九州北部豪雨で メガソーラー一部損壊
2017.08.02
PVeye
7月5日から6日にかけて降り続いた大豪雨で、九州北部は各地で深刻な事態に見舞われ、太陽光発電所にも被害が及んだ。現地の状況を追った。(PVeye記者・中馬成美)
「こげんなったとは、初めてやけん。今回ばっかしはもうダメやね」。
福岡県朝倉市杷木林田地区の赤谷川近くで建築板金業を営む大内田博さん(68)は、自宅の壁2m程の高さにこびりついた土砂をながめながら肩を落とす。
赤谷川は、福岡県を流れる筑後川水系の支流だ。7月5日の午後から水かさが急激に増し氾濫、周辺一帯は洪水に見舞われた。浄水場が流されため、杷木林田地区は断水が続いている。「営業は無理やね、水がないけん、洗おうにも洗えんとよ」と大内田さん。表情は晴れないが、しっかりとした足どりで作業場の片づけに戻っていった。
記者が現地を訪れたのは7月13日。記録的豪雨とは対照的に、太陽が照りつけ、汗が滴る真夏日だった。朝倉市杷木地区では、山積みになった土砂の間を自衛隊車両が行き交い、道路脇で住民が撤去作業に勤しんでいる。馴染みある九州の変わり果てた光景に、胸が締めつけらる思いがした。
生々しい爪痕が残っていたのは、朝倉郡東峰村宝珠地区にある特別養護老人ホーム宝珠の郷だ。ここは一時160人が孤立した緊急避難所。すぐ近くの山で土砂崩れが発生し、道路が塞がれてしまったのだ。宝珠の郷で生活相談員を務める森山茂生さんは、5日夜の様子をこう説明する。
「夜10時頃、どどどどっと、ものすごい音。最初は雷かなと思ったけど、車のハザードランプの光で土砂崩れだと分かりました。朝見ると、フェンスの向こうの林がない。愕然としました」。

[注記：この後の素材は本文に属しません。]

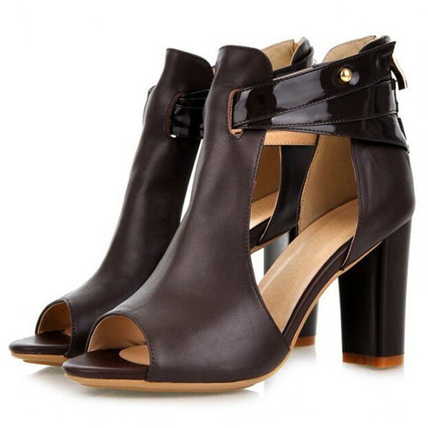 high polish faux PU leather and set on a comfortable block heel, features a side cutout design for

避難所には6日朝に自衛隊が到着し、支援活動を実施。孤立状態は解消された。幸い人的被害はなかったものの、13日時点でも断水が続いていた。
東峰村には、EPC(設計・調達・建設)国内大手ウエストホールディングスが所有する1.9MWのメガソーラーがある。付近では道路が一時通行止めになり、孤立した人が自衛隊員に救助されたという。それだけに、メガソーラーにも甚大な被害が及んでいるのではないかと想像したが、意外にも被害は大きくなかった。メガソーラーの門扉には流木などが散乱し、一部地盤が崩落してパネルが流されていたが、大きな損壊は見られなかった。ただ、停電のため、「現在(7月14日)も発電は停止した状態だ」(ウエストO&M幹部)。
大分自動車道の朝倉インターと杷木インター間にある山田サービスエリア下り線にも1MWの太陽光発電所がある。途中車を止めると、法面の一部がブルーシートで被われていた。発電所を所有する西日本高速道路によると、「発電所そのものには損壊はなく、法面で一部土砂が流出したので養生している」という。
一方、東峰村で太陽光発電設備を販売する岩下芳行さん(61)は奇跡的な話をしてくれた。岩下さんは、27.8㎾の太陽光発電所を所有し、4㎾のPCS(パワーコンディショナ)を建屋内に7台設置していたが、近くの用水路が氾濫し、建屋に土砂が流れ込んだ。これによって、3台のPCSは浸水してしまったのであるが、「ブレーカーを落として5日後、安全確認してから、スイッチ入れたら、良うなっちょった」(岩下さん)。
東峰村の川沿いに住居を構える伊藤和幸さん(68)は、母屋に12㎾、車庫に14㎾の太陽光発電設備を設置していたが、車庫の設備はPCSが水に浸かり、14㎾分が使用できなくなってしまった。しかも、伊藤さんは、農業を営み、胡椒やイチジクを栽培していたが、その畑も被害に遭い、農機具まで使えなくなってしまった。
それでも、「いっそ農業やめた方がよか気もすっばってん、農地は荒れるしね。軽トラもダメになったけど、何とかせんば」と言いながら、伊藤さんは、はにかんだような笑顔を見せた。
被害は深刻だが、被災地で出会った人は気丈で前を向いていた。人間の強さを垣間見た。